The central Jobs admin runtime can implement periodic cleanup or archival as configured.

Library Structure

js/packages/trellis/
├── jobs.ts                     # Public TS jobs types and admin helpers
└── server/
    ├── service.ts              # Typed service.jobs facade and JobRef wiring
    └── internal_jobs/          # Internal transport-aware jobs runtime pieces

rust/crates/jobs/
└── src/
    ├── lib.rs          # Public exports
    ├── types.rs        # Shared models and serde types
    ├── events.rs       # Event constructors and helpers
    ├── projection.rs   # Reducer / projector logic
    ├── keys.rs         # Job identity key derivation
    ├── subjects.rs     # Subject derivation
    ├── manager.rs      # Service-local job lifecycle publishing
    ├── active_job.rs   # Worker-facing active job helper
    ├── runtime_worker.rs # Worker host / processing runtime
    ├── publisher.rs    # Event publishing integration
    ├── bindings.rs     # Binding lookup helpers
    └── registry.rs     # Worker heartbeat / cancellation helpers

rust/crates/service-jobs/
└── src/
    ├── lib.rs          # Service library entrypoint
    ├── main.rs         # Service entrypoint
    ├── bootstrap.rs    # Service host bootstrap/run orchestration
    ├── contract.rs     # Contract metadata / generated contract adapter
    ├── projector.rs    # JOBS stream → SQL projection
    ├── janitor.rs      # Business deadline enforcement
    ├── advisory.rs     # MaxDeliver advisory consumer
    ├── query.rs        # SQL-backed query + mutation operations
    ├── query/          # Query resource, state, and wire helpers
    ├── storage/        # SQLite schema and projection store
    └── router.rs       # Global RPC handlers

Implementation Notes

Payload size: Job payloads should be kept small.

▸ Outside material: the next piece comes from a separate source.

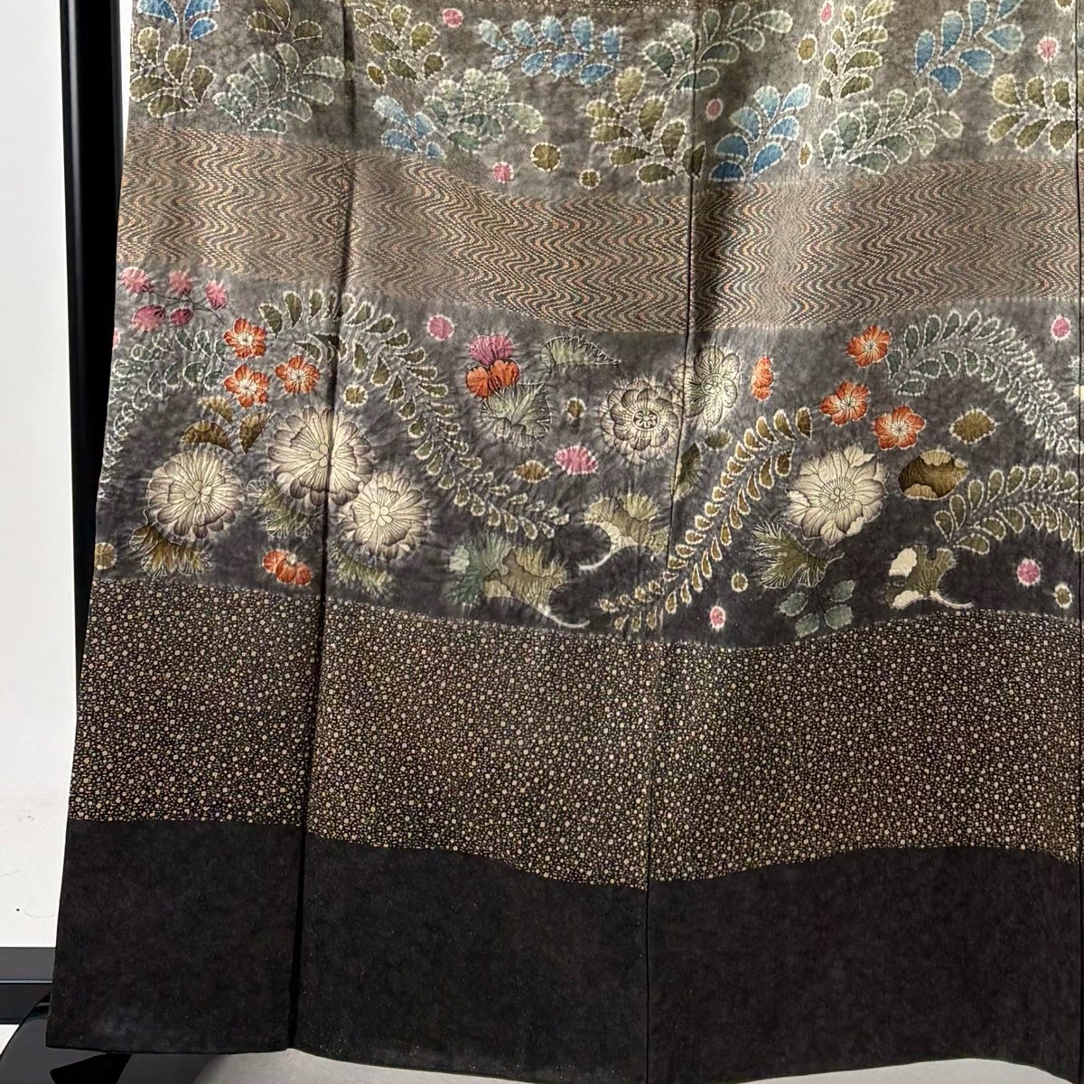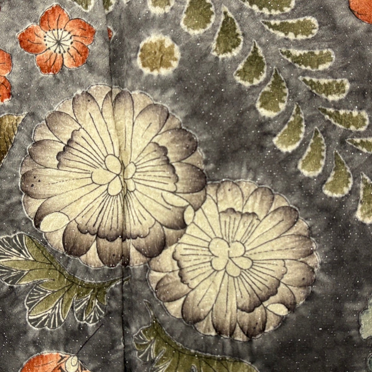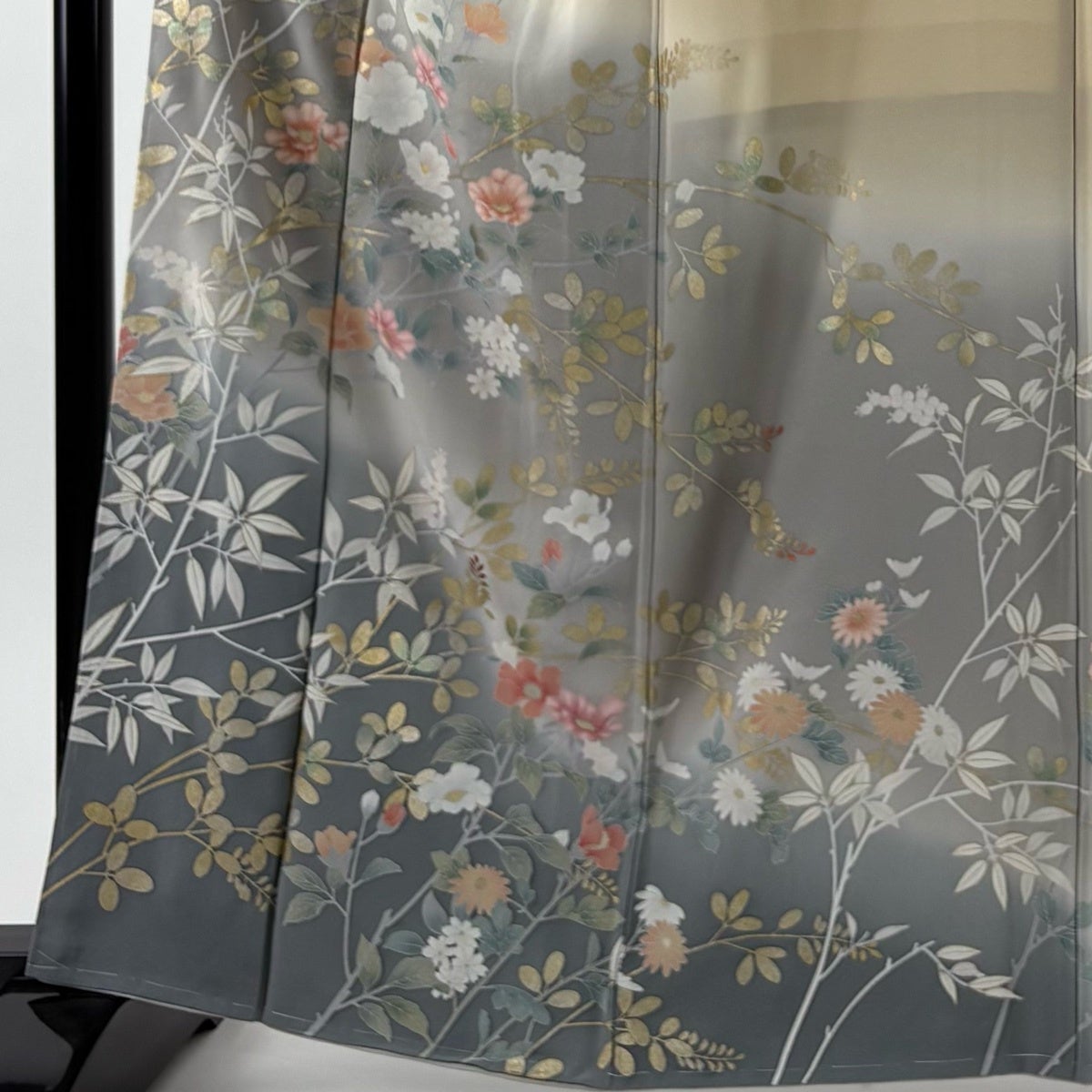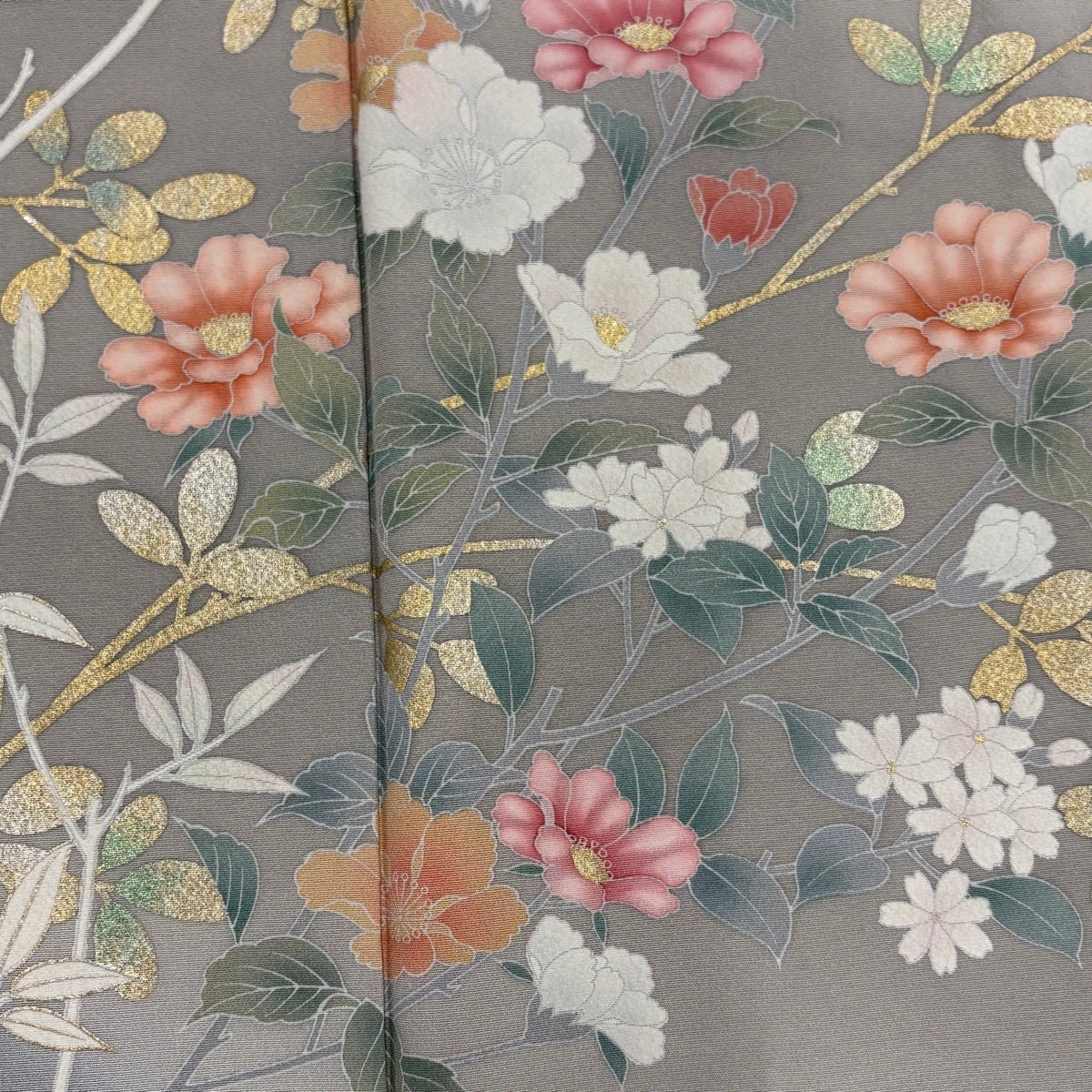訪問着 身丈163.5cm 裄丈66cm M 袷 枝花 萩 金銀彩 ぼかし 灰色 正絹 名品

For large data (documents, images), store in Object Store and pass references in the payload.

Progress events: Services should be mindful of progress event frequency. While not enforced, high-frequency updates (e.g., every millisecond) create unnecessary stream volume. The SQL projection stores the latest progress state.

Retry vs redelivery: The retry state indicates “NAK sent, awaiting JetStream redelivery”—the worker is NOT running. When JetStream redelivers the message and the worker starts, a started event is emitted transitioning back to active.

Terminal state precedence: If a race occurs (e.g., janitor marks job expired while worker is finishing), terminal states take precedence. The projector should reject state transitions from execution-terminal states except explicit DLQ administration on dead jobs such as replay and dismiss.

For keyed queues, slot-token ownership is checked before publishing terminal worker outcomes. A stale worker that no longer owns the active key slot does not win terminal precedence; the runtime records staleCompletionIgnored instead.